Sloths are generally sluggish and inactive; they build no nests and seek no shelter even for their young. They sleep fifteen to twenty-two hours a day, rising in the late afternoon to eat whatever leaves may be close at hand. Being so passive, they are virtually untrainable, although occasionally you’ll find one working as a denominational official or on a roadside construction crew.
From time to time, a sloth hangs around my home and office, a discovery that has surprised me. I’m familiar with lots of my faults but never suspected this one. Up to now, I’ve been careful to whom I admit it.
I’m careful because sloth is our society’s unforgivable sin. It is almost never mentioned. I can’t remember the last time I heard anyone confess it.
Think of job interviews. When someone is asked, “What’s your biggest weakness?” 90 percent of the answers are variations of “I work too hard,” and “I tend to be too perfectionistic.” When have you heard someone say, “I’m just too darn lazy”?
But I’ve discovered that I have to quit playing this game. Psychiatrist and best-selling author Scott Peck says that ultimately there is one great impediment to spiritual growth “and that is laziness. If we overcome laziness, all the other impediments will be overcome. If we do not overcome laziness, none of the others will be hurdled.… Spiritual growth is effortful, as we have been reminded again and again.”
Here are some ways I’ve tried to make that effort and so deal with sloth.
Not Doing What Needs to Be Done
Sloth is deceptive and destructive. One reason people don’t admit sloth is they don’t recognize it.
In the past I would have considered anything but sloth to be one of my problems because I seem to be so busy. Sloth doesn’t necessarily mean we’re doing nothing. Sloth is the failure to do what needs to be done when it needs to be done — like the kamikaze pilot who flew seventeen missions.
I came gradually to the realization that this was a temptation. I would have a task I didn’t look forward to — say, setting up an appointment to confront someone about a broken relationship. Suddenly, a myriad of other tasks leapt up and begged to be done.

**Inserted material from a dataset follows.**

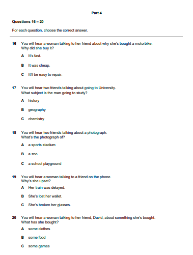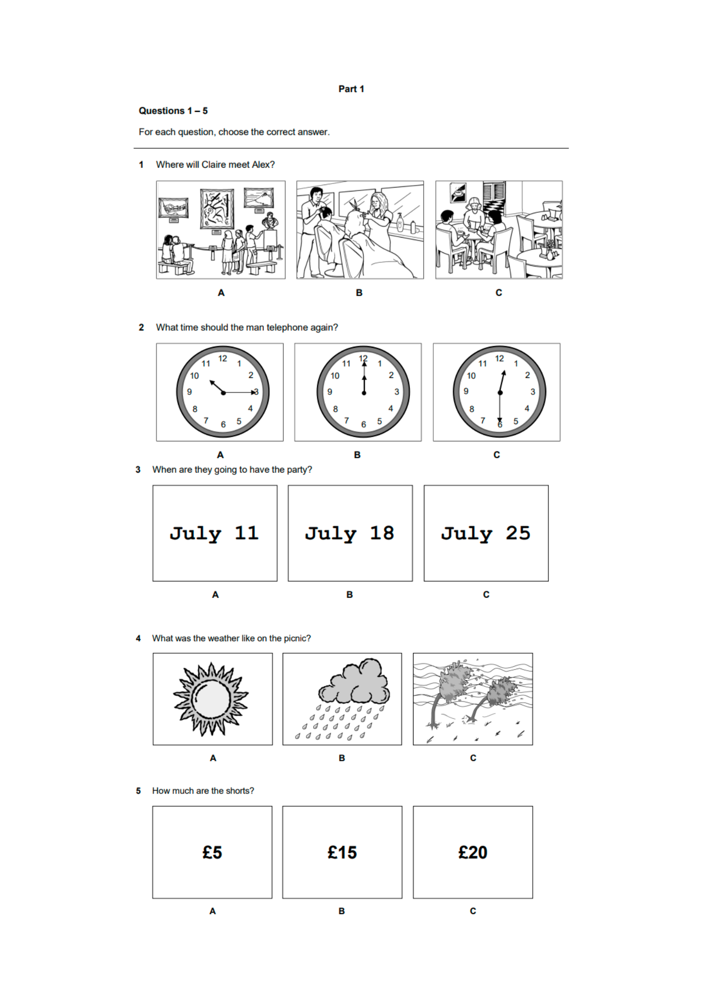 Le Listening se compose de 25 questions divisées en 5 parties et chaque section de cette partie de l'examen a des objectifs différents.

I would clean my desk, call a staff meeting, write two articles for a newsletter we didn’t even publish.
I did a lot. But over time I discovered that all too often I didn’t do what needed to be done when it needed to be done. Just as most alcoholics don’t live on skid row, most sloth-aholics don’t spend their days eating bon-bons and watching The Young and the Restless.
That’s why Scott Peck notes that even workaholics can be lazy. They may work furiously but only because they are trying to avoid doing something truly needful.

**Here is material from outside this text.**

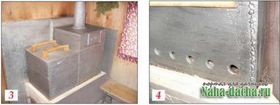 ■ Для лучшей подачи тепла в парную под дверцами каменки просверлил девять отверстий d 20 мм (фото 4) Корпус каменки и бак покрасил термостойкой серебрянкой, а печь побелил.
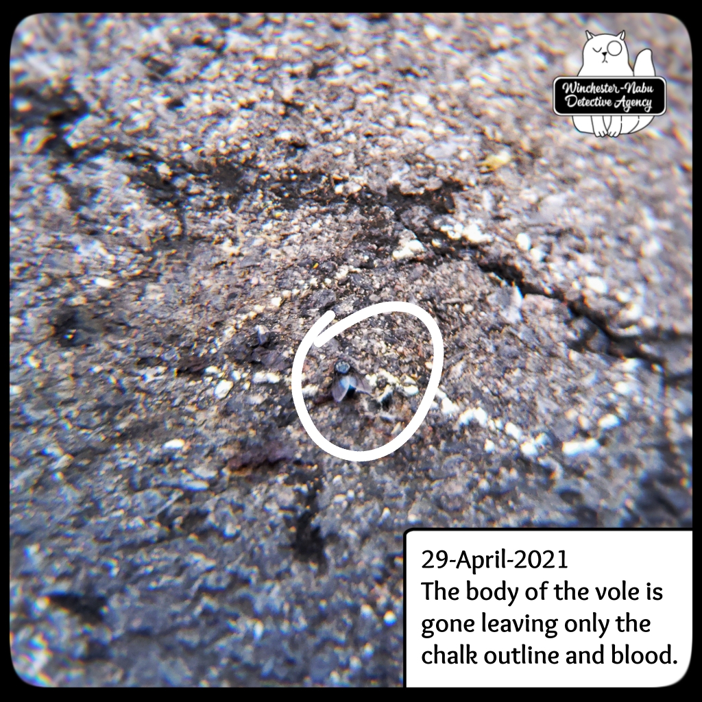 When I returned to Gus, he picked up the body and moved it a few more feet. The new location would have to serve as my starting point. We were on the corner of the upper parking lot and the private road. I set up the designation for the scene as a crime even though I know Gus had just extinguished the life from the meadow vole. However, the mystery is who is Vole Avery and what happened to his body?

Frederick Buechner, in his book Wishful Thinking, put it this way:
“A slothful man … may be a very busy man. He is a man who goes through the motions, who flies on automatic pilot. Like a man with a bad head cold, he has mostly lost his sense of taste and smell. He knows something’s wrong with him, but not wrong enough to do anything about. Other people come and go, but through glazed eyes he hardly notices them. He is letting things run their course. He is getting through his life.”
Unfortunately, too often that’s been a description of me.
Signs of Sloth
When I have confessed my struggles in this area with a few carefully chosen confidants, their response — without exception — has been: “What? You, too? I thought I was the only one.” Apparently we all struggle with our own secret forms of sloth. (I know only one person who I’m certain never struggles with laziness. He’s four years old. We’re hoping it hits him soon.)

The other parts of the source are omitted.